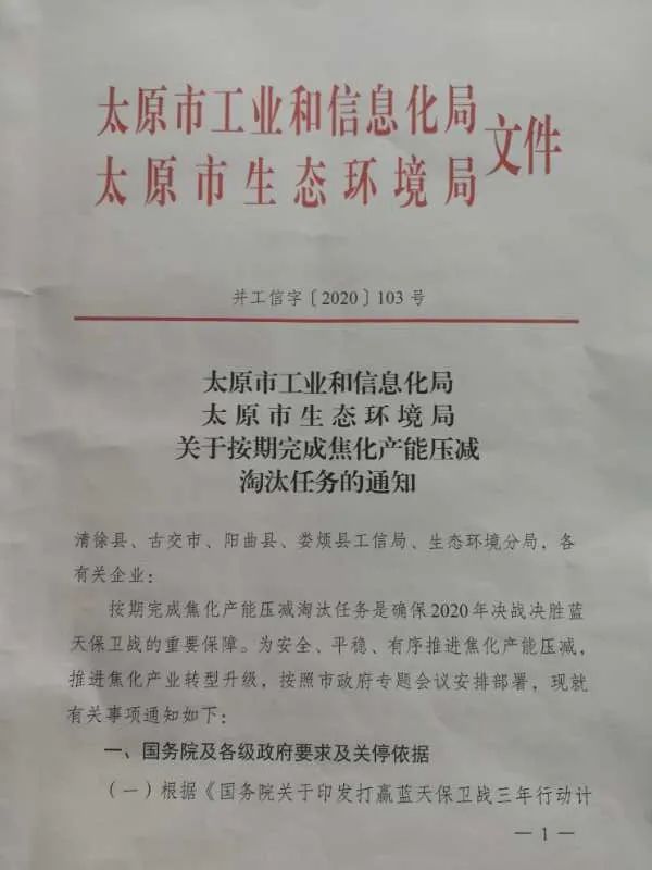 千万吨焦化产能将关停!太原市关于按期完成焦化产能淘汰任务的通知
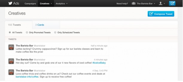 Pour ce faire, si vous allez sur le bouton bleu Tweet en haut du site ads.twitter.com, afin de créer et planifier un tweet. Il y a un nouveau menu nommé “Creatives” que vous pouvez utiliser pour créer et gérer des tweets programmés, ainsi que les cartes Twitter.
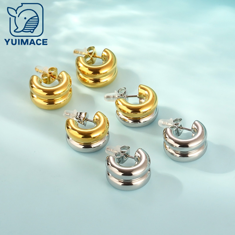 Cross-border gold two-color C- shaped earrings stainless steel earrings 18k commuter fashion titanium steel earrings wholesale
⁂
◆ What is needed ◆
Reproduce, word for word, the lines from the one containing "Pour ce faire, si" through the final line above. Leave every picture out.

◆ Result below ◆
 Pour ce faire, si vous allez sur le bouton bleu Tweet en haut du site ads.twitter.com, afin de créer et planifier un tweet. Il y a un nouveau menu nommé “Creatives” que vous pouvez utiliser pour créer et gérer des tweets programmés, ainsi que les cartes Twitter.
 Cross-border gold two-color C- shaped earrings stainless steel earrings 18k commuter fashion titanium steel earrings wholesale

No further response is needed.